# Stored items:
------------------------------------------------------------

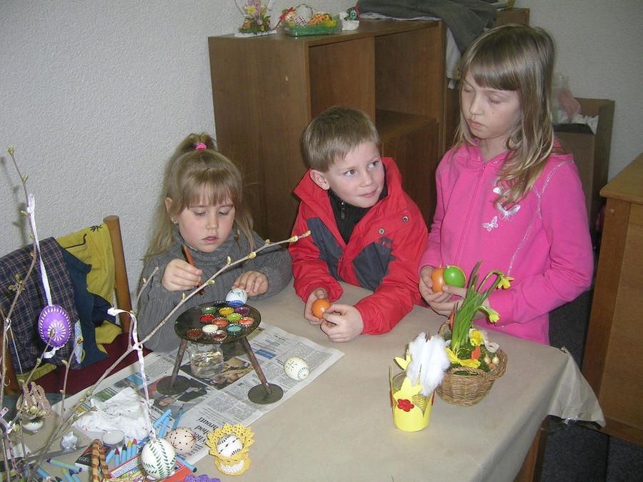 Jako každoročně i letos jsme se společně sešli na obecním úřadě připomenout si jaro a lidové zvyky související s Velikonocemi. Letošní velikonoční tvoření se konalo na květnou neděli, 28.3.2010. Návštěvníci malovali vajíčka, zdobili věnečky, květináče a jiné dekorativní drobnosti, zájem byl o pletení pomlázek i o práci kováře s výhní. Nechybělo oblíbené zdobení perníčků cukrovou polevou. K občerstvení a pro dobrou náladu bylo k dispozici svařené víno, pro děti zdarma čaj.
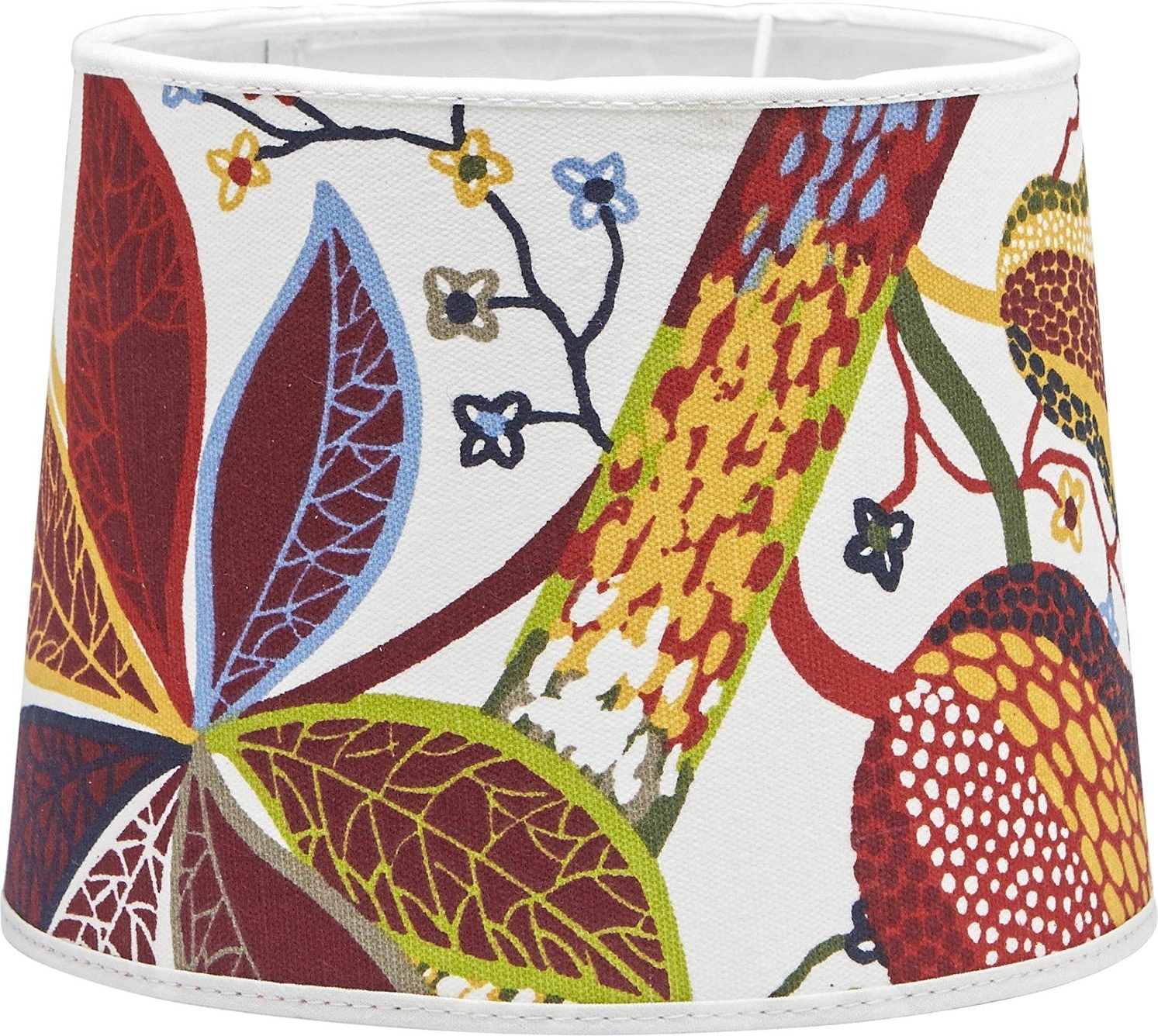 Lampskärm Sofia i ett underbart mönstrat bomullstyg. Lampskärmen har en ljus insida och ger ett behagligt sken och är lätt att matcha med olika lampfötter. Lampskärmen har ett E27 ringfäste.
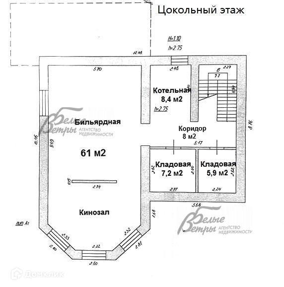 Цокольный этаж: бильярдная с кинозалом 61 кв.м, котельная 8.4 кв.м, кладовая 6 кв.м, кладовая 7 кв.м, коридор 8 кв.м.
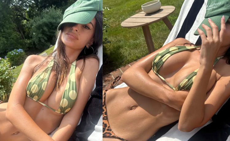 Συγκεκριμένα, σε stories που ανάρτησε, η Emily Ratajkowskiεμφανίζεται να φορά ένα πράσινο μπικίνι με κίτρινες βούλες, το οποίο συνδύασε με ένα επίσης, πράσινο καπέλο.
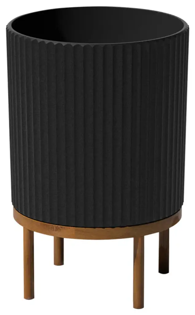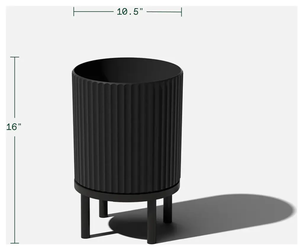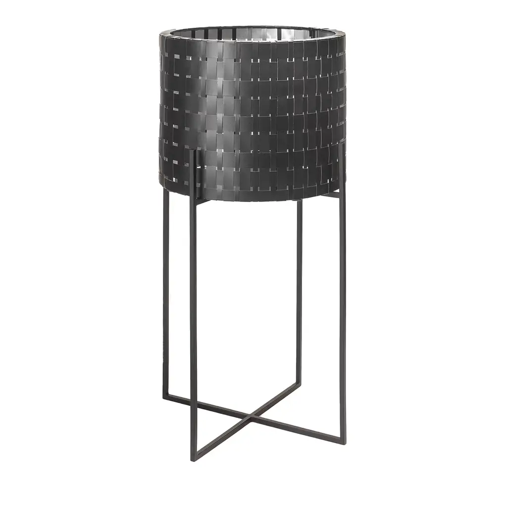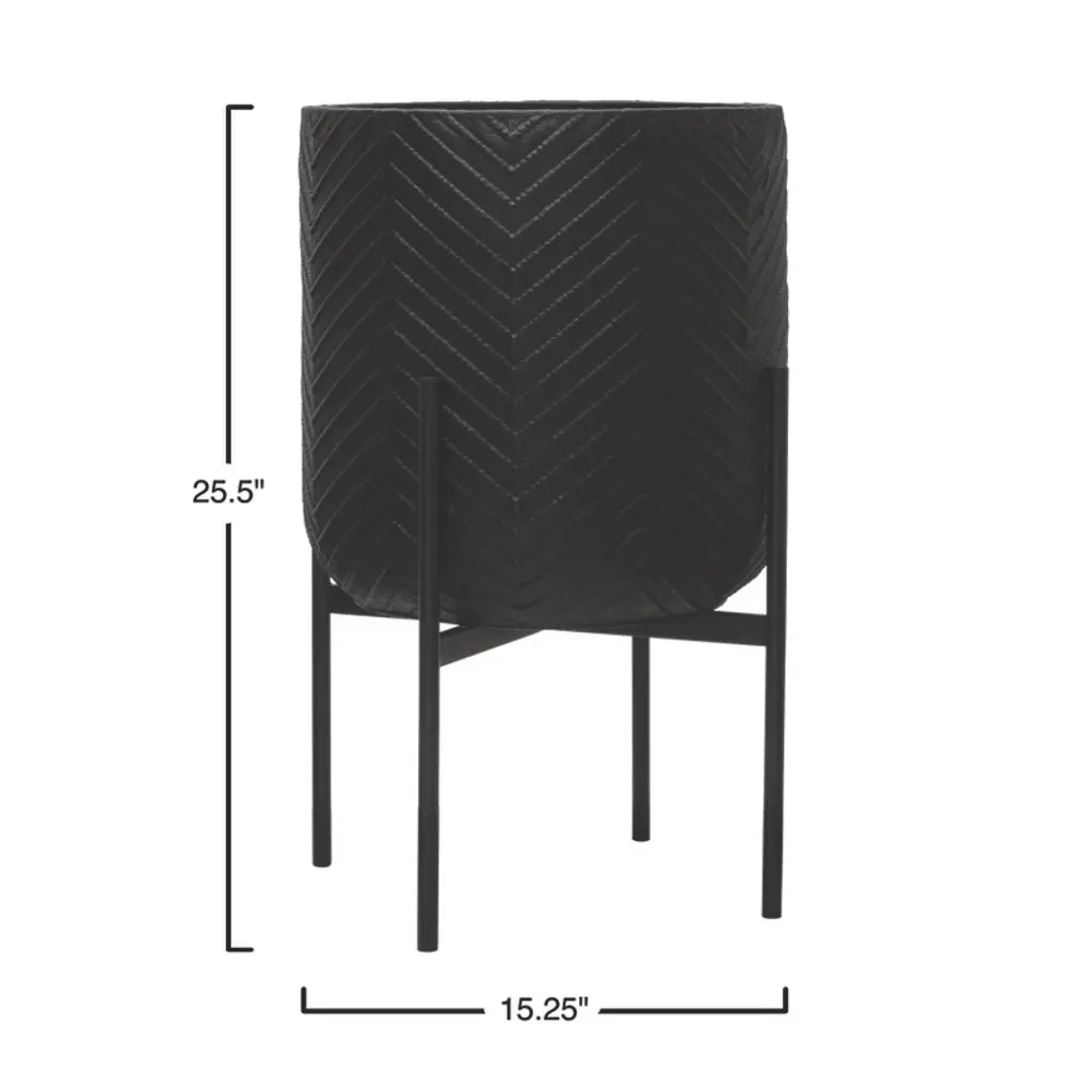 Give plants a chic and sophisticated home with this metal planter with a chevron pattern and stand. This metal planter features a modern chevron relief pattern that adds texture and dimension to the space. The planter has a matte black finish that matches any home decor and plant type, such as cactus, snake plants, and more. The planter is made of durable metal material that withstands different weather conditions. The metal planter comes with a sturdy stand that elevates the plants and creates a stunning display. The planter has no drainage holes so a plastic liner or potted plant is suggested. The planters measure 15.25 inches in diameter and 25.5 inches in height. Whether in the living room, bedroom, balcony, or patio, this planter on stand will bring style and charm to the space.

------------------------------------------------------------

# Work required:
From the first line above to the line containing "Συγκεκριμένα, σε stories", repeat each line exactly. Pictures stay out.

# Answer box:
 Jako každoročně i letos jsme se společně sešli na obecním úřadě připomenout si jaro a lidové zvyky související s Velikonocemi. Letošní velikonoční tvoření se konalo na květnou neděli, 28.3.2010. Návštěvníci malovali vajíčka, zdobili věnečky, květináče a jiné dekorativní drobnosti, zájem byl o pletení pomlázek i o práci kováře s výhní. Nechybělo oblíbené zdobení perníčků cukrovou polevou. K občerstvení a pro dobrou náladu bylo k dispozici svařené víno, pro děti zdarma čaj.
 Lampskärm Sofia i ett underbart mönstrat bomullstyg. Lampskärmen har en ljus insida och ger ett behagligt sken och är lätt att matcha med olika lampfötter. Lampskärmen har ett E27 ringfäste.
 Цокольный этаж: бильярдная с кинозалом 61 кв.м, котельная 8.4 кв.м, кладовая 6 кв.м, кладовая 7 кв.м, коридор 8 кв.м.
 Συγκεκριμένα, σε stories που ανάρτησε, η Emily Ratajkowskiεμφανίζεται να φορά ένα πράσινο μπικίνι με κίτρινες βούλες, το οποίο συνδύασε με ένα επίσης, πράσινο καπέλο.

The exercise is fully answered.